[Rd] allocVector bug ?

Vladimir Dergachev vdergachev at rcgardis.com
Wed Nov 8 22:33:17 CET 2006


On Wednesday 08 November 2006 12:56 pm, Luke Tierney wrote:
> On Mon, 6 Nov 2006, Vladimir Dergachev wrote:
> > Hi Luke,
> >
> >
> > I generally agree with this, however I believe that current logic breaks
> > down for large allocation sizes and my code ends up spending 70% (and up)
> > of computer time spinning inside garbage collector (I run oprofile to
> > observe what is going on).
>
> Again please be careful about these sorts of statements.  I am sure
> there are bugs in the memory manager and places where things "break
> down" but this isn't one of them.  The memory manager is quite
> deliberately biased towards keeping the total allocation low, if
> necessary at the expense of some extra gc overhead.  This is needed if
> we want to use the same settings across a wide range of
> configurations, some of which have relatively little memory available
> (think student labs).  The memory manager does try to learn about the
> needs of a session, and as a result triggering value get adjusted.  It
> is not true that every large allocation causes a gc.  This may be true
> _initially_, but once total memory usage stabilizes at a particular
> level it is no longer true (look at the way the heap limits are
> adjusted).
>
> This approach of adjusting based on usage within a session is
> reasonable and works well for longer sessions.  It may not work well
> for short scripts that need large allocations.  I doubt that any
> automated setting can work well in that situation while at the same
> time keeping memory usage in other settings low. So it may be useful
> to find ways of specifying a collection strategy appropriate for these
> situations. If you can send me a simplified version of your usage
> scenario then I will give this some thought and see if we can come up
> with some reasonable ways of allowing user code to tweak gc behavior
> for these situations.
>

Hi Luke, 
   
   Yes, I gladly concede the point that for a heuristic algorithm the notion 
of what is a "bug" is murky (besides crashes, etc, which is not what I am not 
talking about).

   Here is why I called this a bug:

     1. My understanding is that each time gc() needs to increase memory it 
performs a full garbage collection run. Right ?
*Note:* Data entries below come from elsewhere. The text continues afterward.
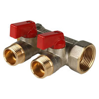 Коллектор 2 выхода 3/4""х1/2"" НР с отсекающими кранами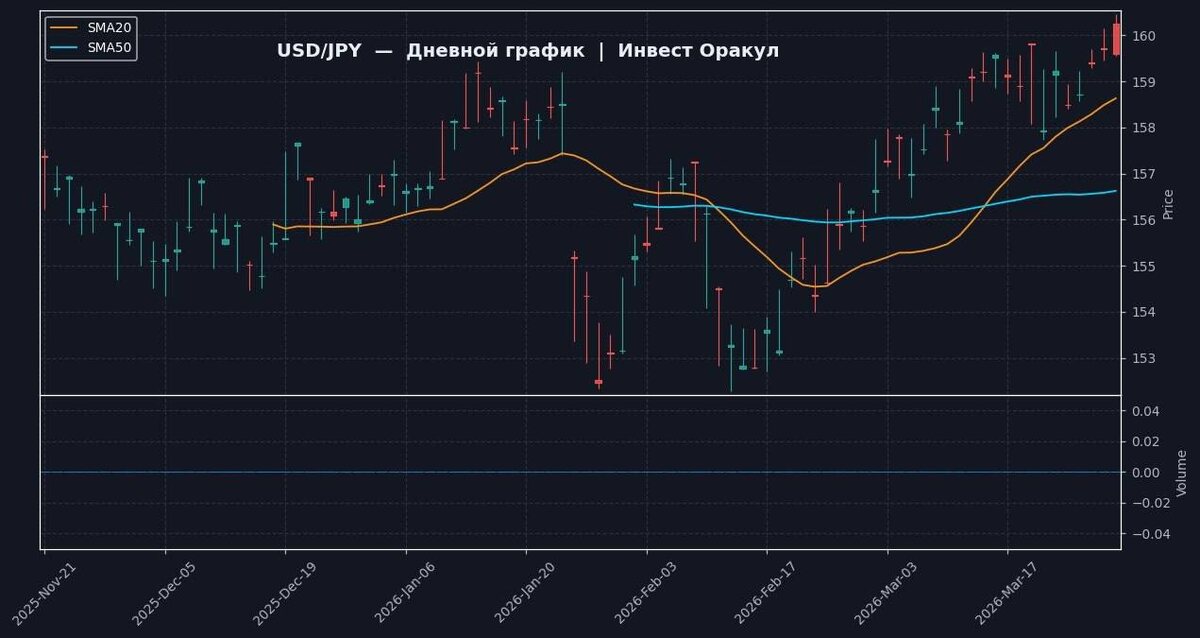 📍 ТЕКУЩЕЕ СОСТОЯНИЕ Цена: 159.59, изменение за день: -0.071%. Рынок реагирует на конфликт в Иране, поддерживая доллар; цены на нефть растут к максимумам за четыре года. 📊 КЛЮЧЕВЫЕ ИНДИКАТОРЫ Тренд: восходящий (1D BUY, выше SMA20 и SMA50). RSI(14) = 60.15 (нейтральный), MACD (медвежий). Поддержка: 156.91054, сопротивление: 160.35016. 🎯 ТОРГОВЫЕ СИГНАЛЫ (ближайшая неделя) 🟢 Умеренная (долгосрочный инвестор): Покупка, Вход: 159.589996, SL: 159.049426, TP: 161.211706 🟡 Сбалансированная (среднесрочный трейдер): Покупка, Вход: 159.589996, SL: 159.049426, TP1: 161.211706, TP2: 162.833415 🔴 Агрессивная (активный трейдер): Покупка, Вход: 159.589996, SL: 159.049426, TP1: 161.211706, TP2: 162.833415, TP3: 164.995695 ⚠️ ГЛАВНЫЙ РИСК Ключевой риск — интервенции японских властей при приближении к 160.00, что может вызвать резкий откат; обратить внимание на заявления министра финансов и уровень 160.00 как критическую отметку.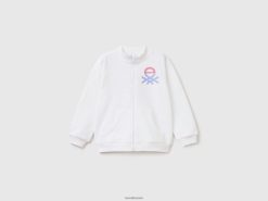 hvit Benetton barn hettegenser i stretch, økologisk bomull 20TRB2238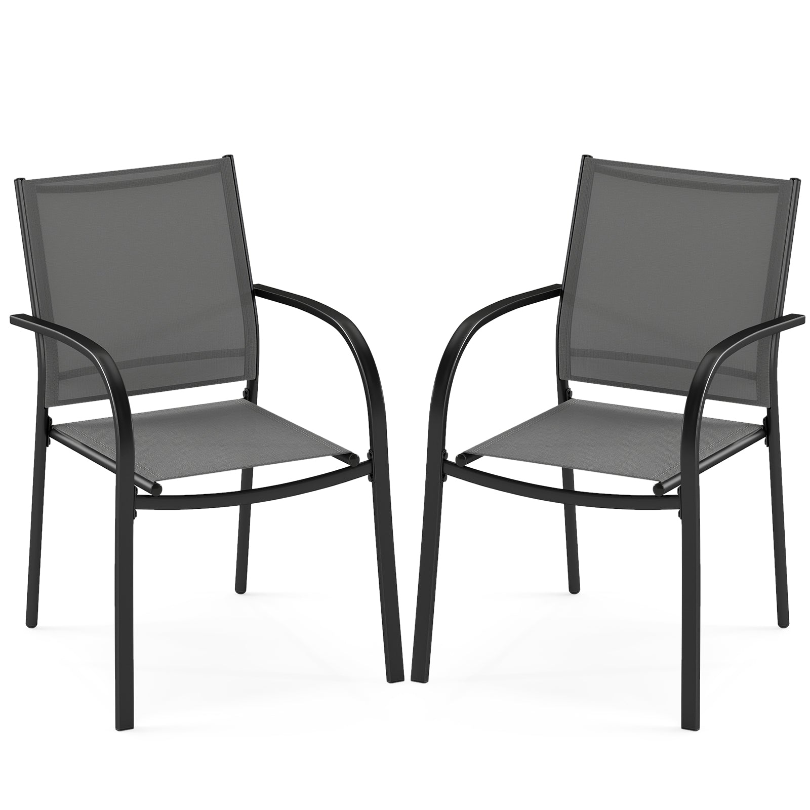 2 Pieces Outdoor Dining Chairs with Armrests and Breathable Fabric-Grey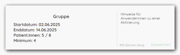 Zusätzlich zu einer Beschreibung des Rahmenplans selbst kann für jede Aktivierung eine Notiz angelegt werden. Die Eingabe wird automatisch gespeichert, der Hinweis Gespeichert erscheint im Augenblick des Speicherns.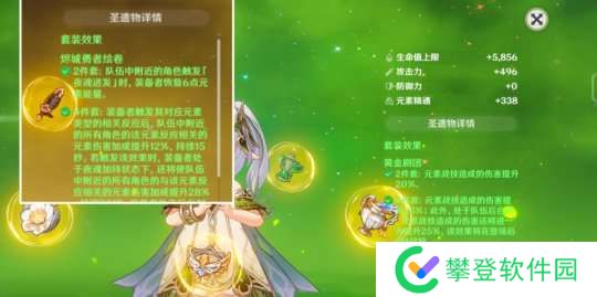 我们会发现:只要队伍里有任意一个角色穿戴就能触发目标的草抗减30%,并非需要穿戴者才能收益。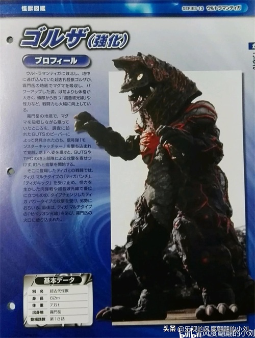 翼在训练中遭遇到的怪兽,外观酷似大型肉食恐龙,口中可以放出火焰。和翼一起被卷入时空裂缝而穿越到古代。被戴达拉操纵,袭击村子。和翼变身成的迪迦对决,因不太习惯战斗而转身回去了。于夜间发现了巨人金字塔,破坏了金字塔外壁,最后被迪迦的哉佩利敖光线打败。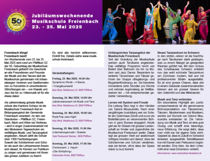 Am Wochenende vom 23. - 25. Mai 2025 wurde gefeiert. Unter dem Motto: Freienbach klingt, Freienbach tanzt! feierte die Musikschule das 50-Jahr-Jubiläum. Ein Abend der Blasmusik, ein Jubiläumskonzert mit Musik und Tanz, eine Rock-Pop-Jazz-Night mit Big-Band Finale, eine Stubete, die für richtig gute Laune sorgte und Joseph Haydns “Die Schöpfung” als musikalischer Schlusspunkt – ein Wochenende voller Musik, Tanz und Klang.
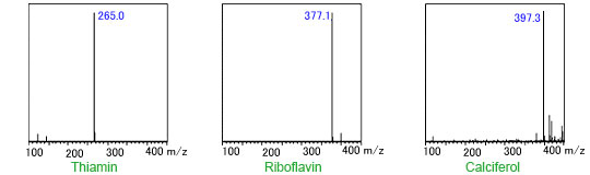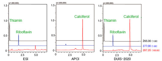 下面是一個使用雙離子源分析的例子。對于核黃素(riboflavin),ESI可以獲得的很好的加質子峰,而APCI則相應較弱;對于硫胺素(thiamin),ESI可以獲得的很好的響應,而APCI則沒有信號。相反,對于鈣化醇(calciferol),APCI可以獲得很好的加質子峰而ESI不能離子化。當使用DUIS-2020檢測時,這三種都具有良好的靈敏度。除了離子化范圍方面有明顯的優勢,DUIS-2020還可獲得高質量的質譜圖,如下所示。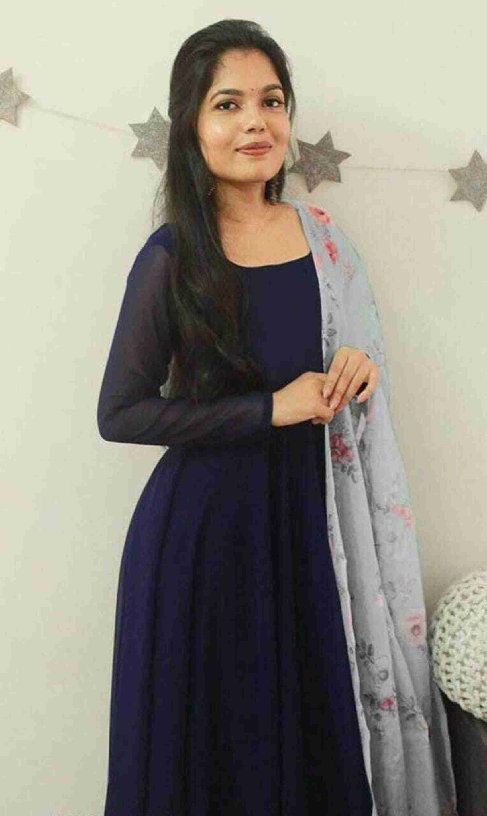 Women Solid Georgette Anarkali Kurta With Attached Dupatta (Dark Blue)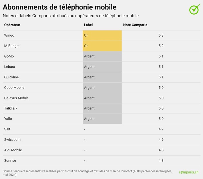 En 2024, Wingo, filiale de Swisscom, a obtenu la meilleure note pour les abonnements de téléphonie mobile et décroche ainsi le label Or (note : 5,3). Arrive ensuite M-Budget (note : 5,2), qui remporte également le label Or. GoMo, Lebara et Quickline se classent à la 3e place avec la note de 5,1, synonyme de label Argent.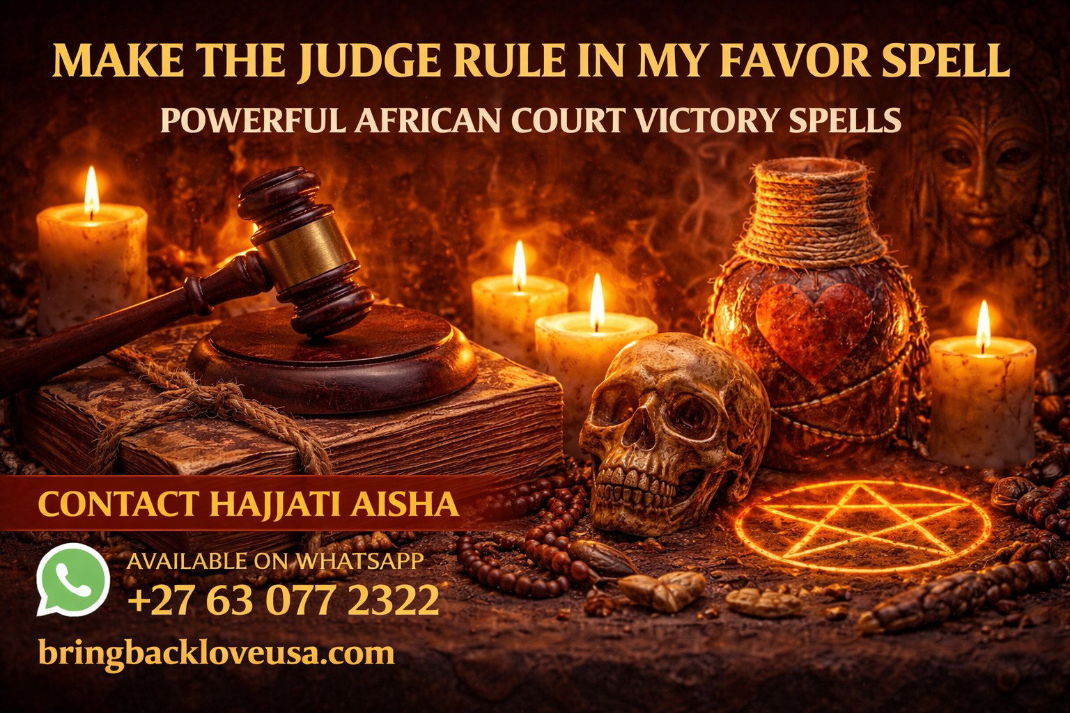 I am HAJJATI AISHA, a powerful AFRICAN SPELL CASTER known for helping many clients overcome serious life situations through strong spiritual work. My MAKE THE JUDGE RULE IN MY FAVOR SPELL is designed to remove spiritual obstacles, weaken enemies in legal disputes, and open the path for justice, favor, and victory.

     2. This is not a problem with small memory sizes as they imply 
(presumably) small number of objects.

     3. However, if one wants to allocate many objects (say columns in a data 
frame or just vectors) this results in large penalty

Example 1: This simulates allocation of a data.frame with some character 
columns which are assumed to be factors. On my system first assignment is 
nearly instantaneous, why subsequent assignments take slightly less than 0.1 
seconds each.

L<-list()
Chars<-as.character(1:100000)
for(i in 1:100)L[[i]]<-system.time(assign(paste("test", i), 1:1000000))
Times<-do.call(rbind, L)

Example 2: Same as example 1 but we first grow the memory with fake 
allocation:

L<-list()
Chars<-as.character(1:100000)
Data<-1:100000000
rm(Data)
for(i in 1:100)L[[i]]<-system.time(assign(paste("test", i), 1:1000000))
Times<-do.call(rbind, L)

In this case the first 20 or so allocations are very quck (faster than 0.02 
sec) and then garbage collector kicks in and the time rises to 0.08 seconds 
each - still less than in Example 1.

This example is relevant because this sequence of allocations is exactly what 
happens when one uses read.table or scan (or database query) to load data.

What is more, if the user then manipulates the loaded data by creating columns 
that are a combination of existing ones then this is very slow as well.
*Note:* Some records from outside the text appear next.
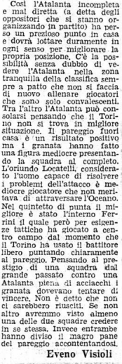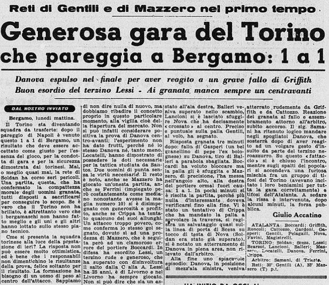 Finisce pari, anzi finisce in rissa in campo e fuori: in campo per un fallo di Griffith sul futuro atalantino Danova si accende una mischia e alla fine a esser espulso per reazione è Danova, sugli spalti per non esser da meno a fine partita si accende una furiosa mischia con i tifosi granata presenti, un antipasto di quanto accadrà quasi venti anni dopo.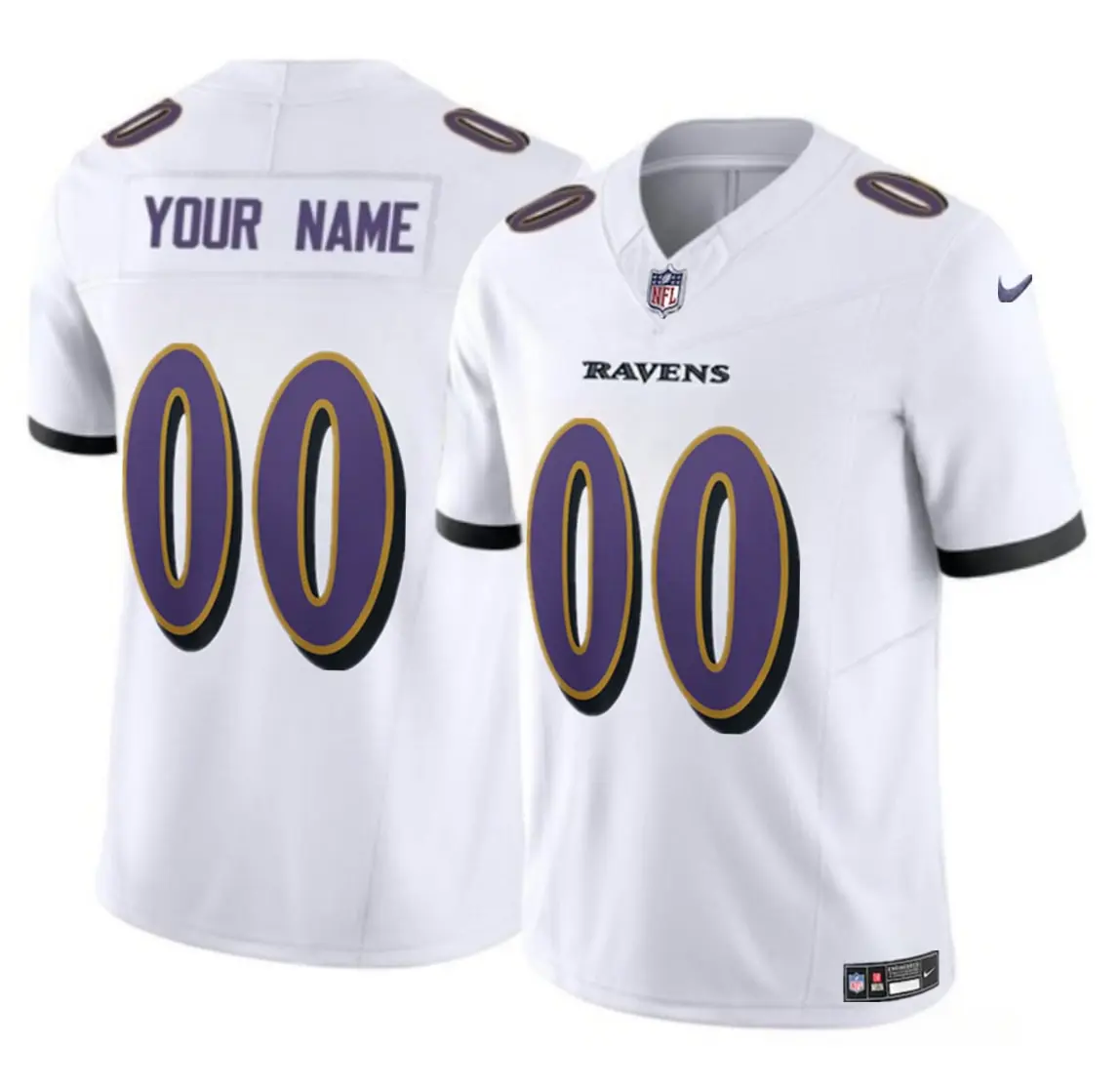Showcase your unwavering team pride with this premium Baltimore Ravens Custom White Alternate Limited Jersey. Designed for the dedicated fan, this high-quality garment features professional-grade stitched nameplates and numbers, ensuring a clean and durable look that mirrors the pros. The crisp white colorway offers a modern twist on classic game-day attire, while the athletic fit provides a comfortable feel whether you are at the stadium or hosting a watch party. Fully customizable with your preferred name and number, this jersey delivers a personalized touch to your collection. Experience superior craftsmanship and breathable performance fabric that keeps you cool during every touchdown celebration.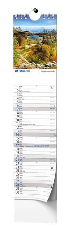Netradiční nástěnný kalendář ve formátu kravaty s působivými obrázky České republiky.

I looked more carefully at your code in src/main/memory.c, function 
AdjustHeapSize:

R_VSize = VNeeded;
    if (vect_occup > R_VGrowFrac) {
	R_size_t change = R_VGrowIncrMin + R_VGrowIncrFrac * R_NSize;
	if (R_MaxVSize - R_VSize >= change)
	    R_VSize += change;
    }

Could it be that R_NSize should be R_VSize ? This would explain why I see a 
problem in case R_VSize>>R_NSize.

                            thank you very much !

                                     Vladimir Dergachev



More information about the R-devel mailing list